Her first hunting trip was a long shot, but the big moose was an easy target

OUTDOORS

October 25, 1992|By PETER BAKER

Amy Cleaver has a photograph to remind her of her first hunting trip. In the picture, her head and torso are framed by the antlers of a moose she had taken at 85 yards -- which, believe it or not, was something of a long shot from the outset.

Cleaver is an 18-year-old from Millersville in Anne Arundel County. The moose is an 850-pounder bagged in northern Maine.

Now, 85 yards is not a long shot with a rifle, even for a novice. But the odds of Cleaver having the opportunity to make the kill were somewhat prohibitive.

Maine permits 1,000 hunters a year to bag a moose, 900 of whom must be residents of the state. The other 100 hunters are chosen by lottery from a pool of thousands of names.

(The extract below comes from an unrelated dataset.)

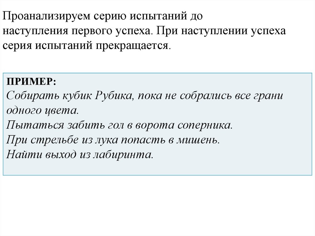 Проанализируем серию испытаний донаступления первого успеха. При наступлении успеха
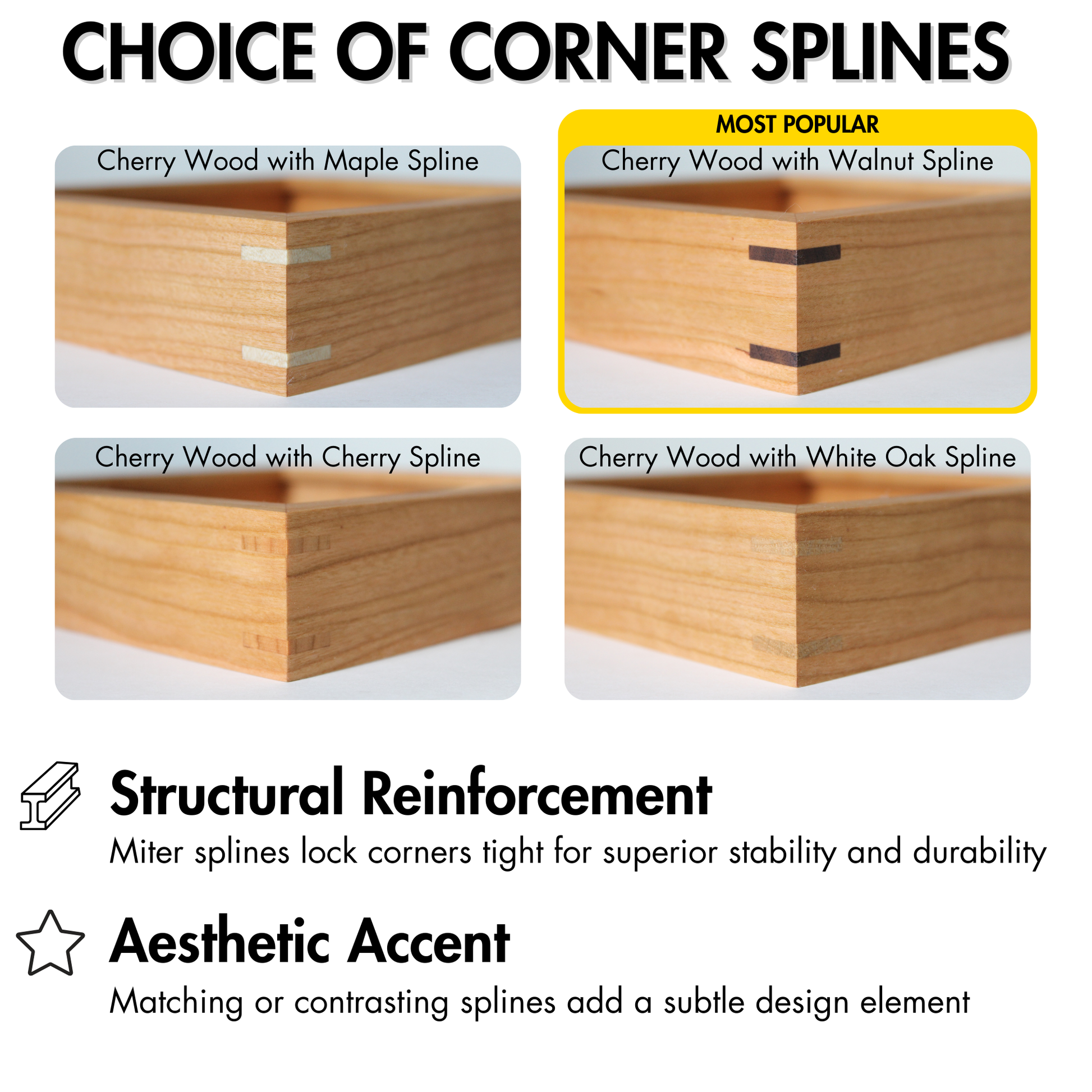 This frame gives your art the breathing room it deserves. The thin face keeps the focus on the canvas, while natural wood tones add warmth to any room. Precision cut miter splines in contrasting wood reinforce every corner, so the frame stays strong even in busy, well-loved spaces.

"They don't give out too many permits," Cleaver said Thursday, "so my chances were pretty slim. I guess I got lucky."

Cleaver's name was entered in the lottery by her father, Thomas Cleaver, who has hunted since he was a kid.

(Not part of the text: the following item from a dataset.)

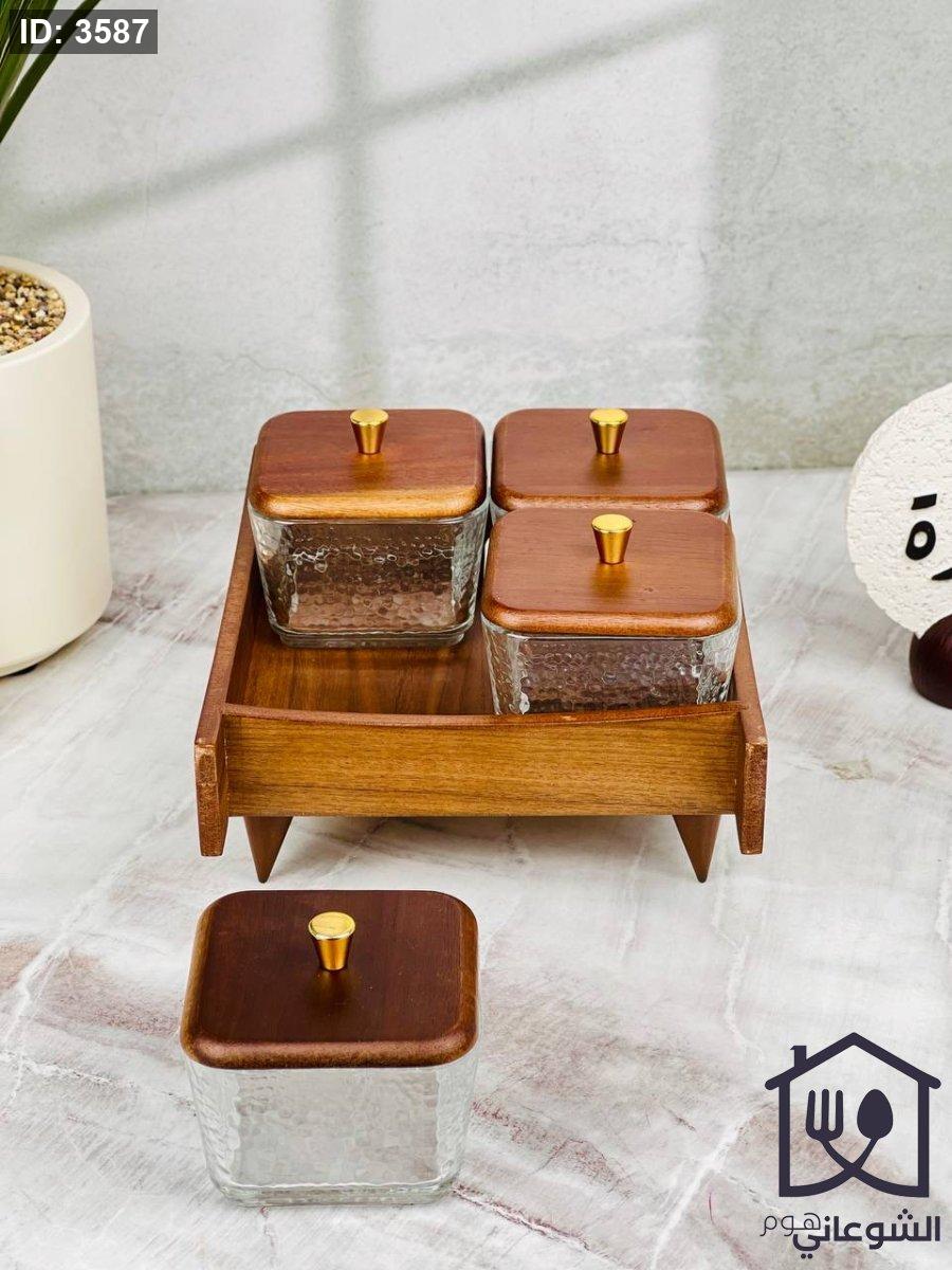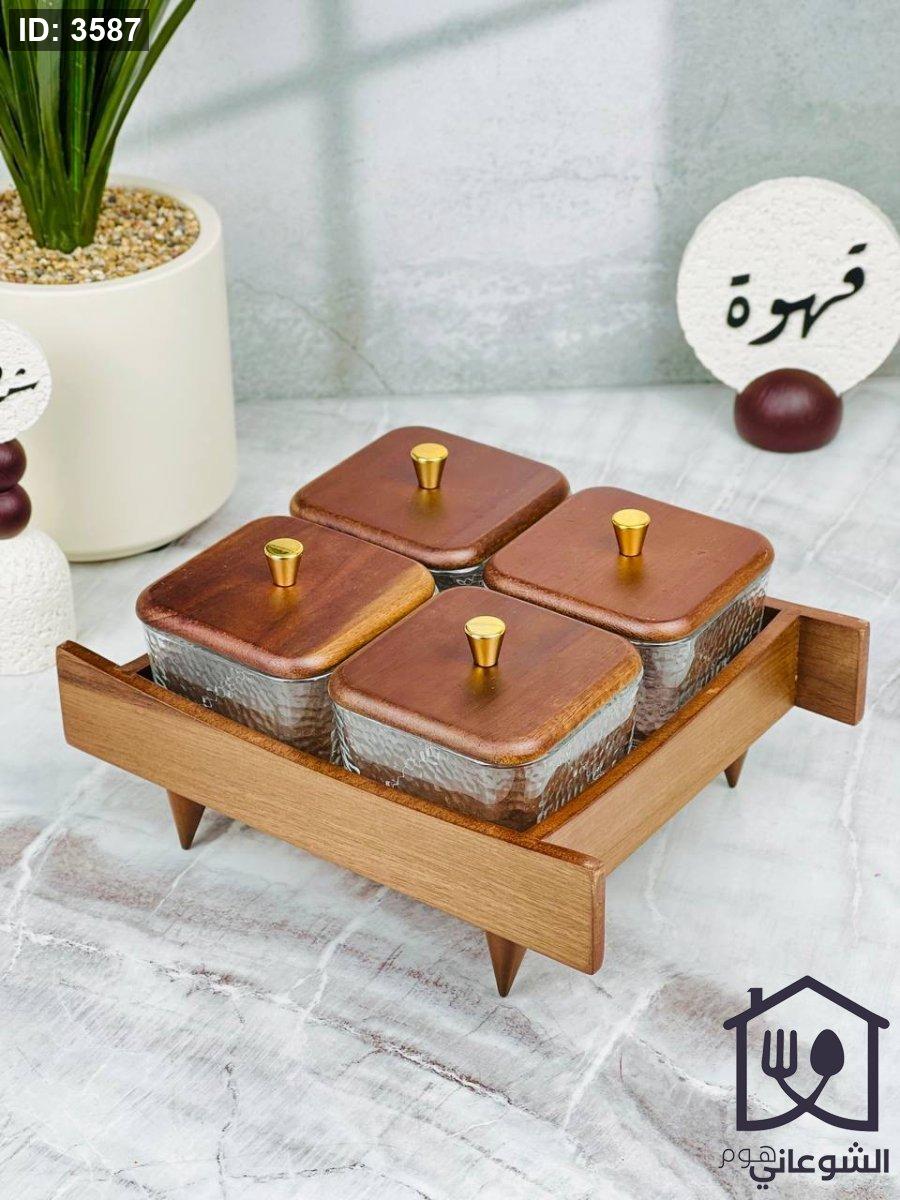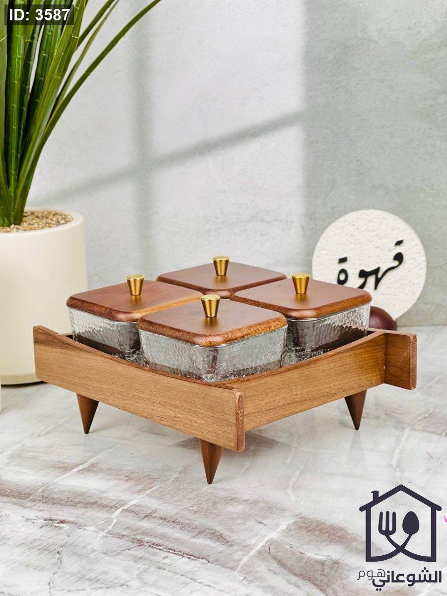 مضيفة مكسرات / حلويات زجاج مبزر 4 قطع مع قاعدة خشب وغطاء

Cleaver, a graduate of Severna Park High School, and several family members arrived in Maine Oct. 3, two days before the start of moose season.

The Cleavers scouted by hopping in a truck and driving around.

"The night before we had gone out to have a look," Cleaver recalled. "And it wasn't real hard because you pretty much see moose everywhere there."

On opening day, conditions were cold and clear with superb visibility, and within two hours of driving, the Cleavers found two moose standing in the road.

Cleaver said she got out of the truck, shouldered her grandfather's 30.06, "and I just aimed and shot."

The bullet struck the moose in the lungs, and it wandered only 100 yards before collapsing.

A butcher estimated the weight of the moose at 850 pounds, and it dressed out to about 500 pounds.

For a first-time hunter fresh out of a 10-hour Maryland Hunter Safety Course, the experience was exhilarating.

"I really liked it," said Cleaver, who is working at a Kentucky Fried Chicken outlet before continuing her education next fall. "Now I want to go deer hunting this season with my dad."

There were moments in Maine that confounded Cleaver,

however.

"After the moose hunt, we went after partridge," she said, "and the switch from a rifle to a shotgun was hard.

"I could shoot this stupid moose at 85 yards with a rifle, but I couldn't come close to these birds at 10 feet away."